The potential benefits of personalization are based on better adherence to customers’ requirements and the resulting customers’ satisfaction. Several studies suggest that this strategy may be particularly suitable in highly competitive sectors like fashion industry, where product differentiation is a key factor to compete in the market and achieve a competitive advantage [6]. A company may decide to offer only a few customizable products, or could adopt a fully made-to-measure strategy involving all aspects of its production [7,8,9,10,11].

This chapter proposes an approach to evaluate Supply Chain (SC) performance of customized productions characterized by small-customized orders within the footwear industry.
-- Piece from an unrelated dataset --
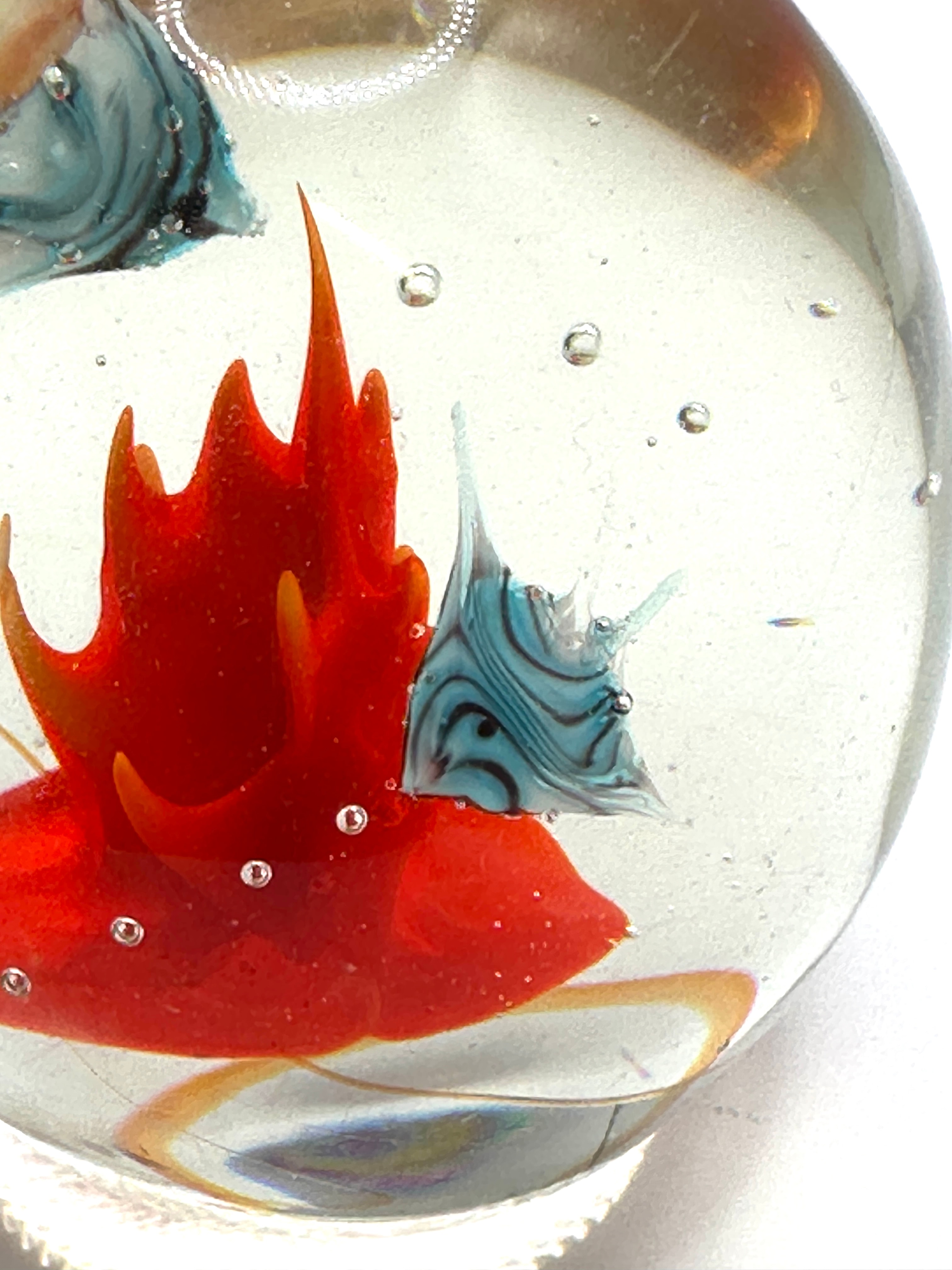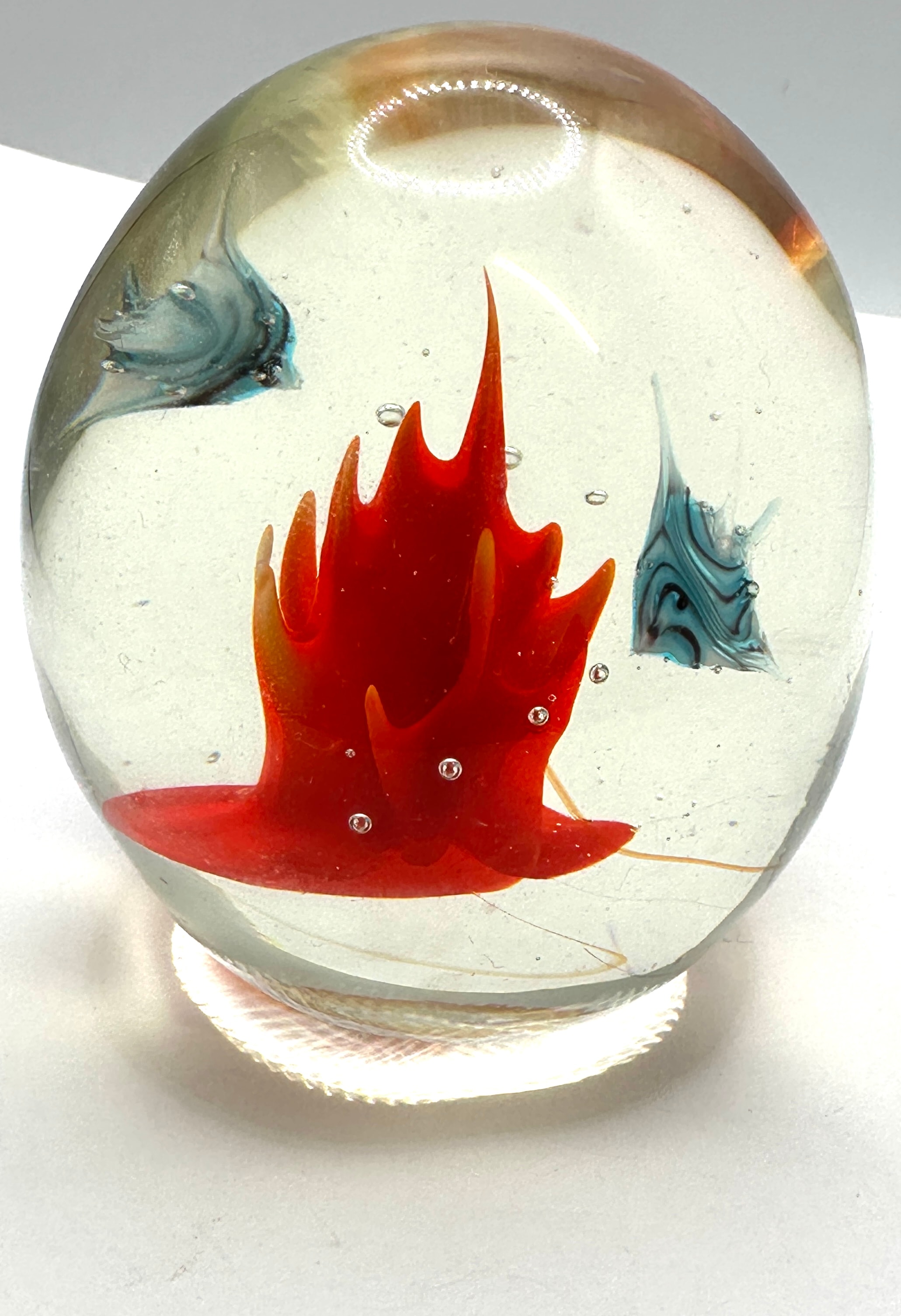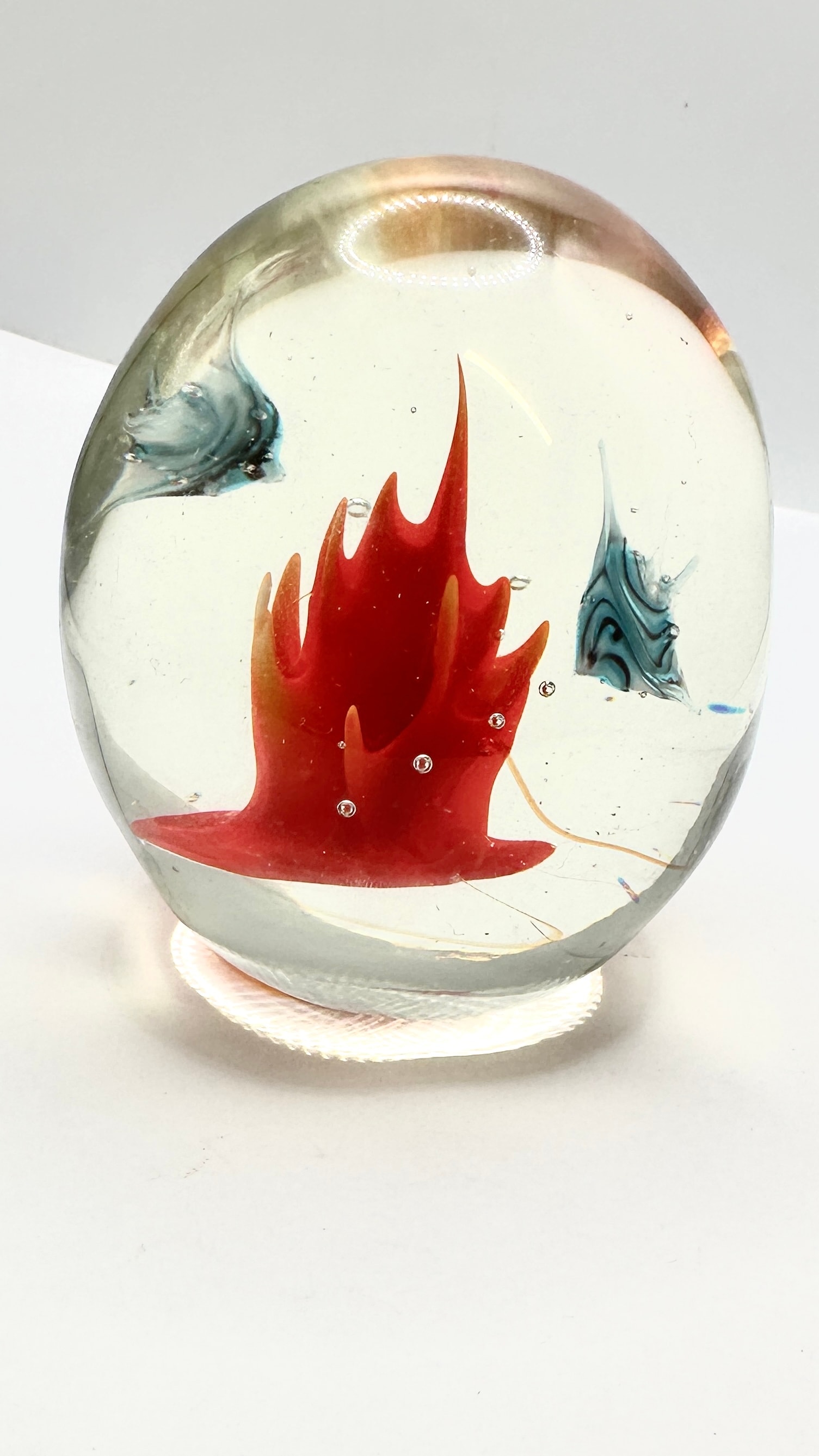 A Murano Art Glass Ovoid Paperweight. Crafted from clear glass, it encapsulates internal colored glass elements. The central design features a prominent, vibrant red inclusion with undulating, flame-like or botanical forms. This is surrounded by multiple smaller, stylized inclusions in teal blue with black swirling patterns, resembling fish or abstract marine life. Numerous small, trapped air bubbles are visible throughout the clear glass matrix. The object has a polished, flattened base for stability.

Thanks to a prototype web-based interface, a simulation model evaluates different type of performance indicators like inventory volume, order delivery, product quality for customized (i.e. small production) and traditional collections (i.e. large productions), and quality and delivery time of suppliers [4]. The model is based on deep analysis of historical data from 8 companies to study the common features of their SCs and to define a model that can represent the most critical and important steps in production.

The chapter is organized as follows. Section 10.2 gives an overview of the literature related to SC management for customized production. Section 10.3 presents the proposed approach, whereas Sect. 10.4 presents the details about the simulation model and the scenarios to be evaluated. Finally, Sect. 10.5 discusses the conclusions and future developments.

2 State of the Art

Customization strategy should enable a company to provide the right product variety without compromising rapid response to market or impinging upon its need for efficient production [9, 10]. In this way, customization is like mass production of customized goods while needing to find a trade-off between efficiency and flexibility [6, 9, 10, 12, 13]. This issue has been extensively studied from the company’s internal point of view by identifying product design aspects (such as modularization and postponement [14, 15]) that can combine the different market demand needs with the production capability of a company [8]. In particular, for what concerns footwear industry, the development of new customized collections has become a significant challenge, where the desire for style, quality and comfort is very high and is influenced by the customer individual expectations and needs. Several footwear companies have decided to shift from the production of standard products to customization of some product collections for final consumers or for their direct first tier customers (i.e. retailers having direct contact with the final market that are able to specify the type of product customization that will be offered and appreciated within their shops). Therefore, footwear industry has started to create collections that match the stylistic and aesthetic trends of the market, e.g. flash collections characterized by a low number of products compared to traditional collections, produced in compressed lead times and characterized by features based on the specific market requirements [16]. However, an analysis that considers the implication that customization has on the entire SC is still missing and this works aims at filling this gap. Customization remains a real challenge within the footwear sector because of the complexity of the entire production process, which encompasses the assembly of several shoe parts while using different materials and manufacturing technologies and needing the involvement of many SC partners.

In customized contexts, the supply network configuration must be supported by the systemic monitoring of performance indicators [17], in particular of the suppliers’ performance, as a way to assure the timing of the delivering process [18]. Therefore, how to physically locate production and manage supplier relationships have become an increasingly important strategic decision as shown both in review [19], in explorative studies [20,21,22] and quantitative modelling [16, 23,24,25,26] to optimize sourcing and production activities.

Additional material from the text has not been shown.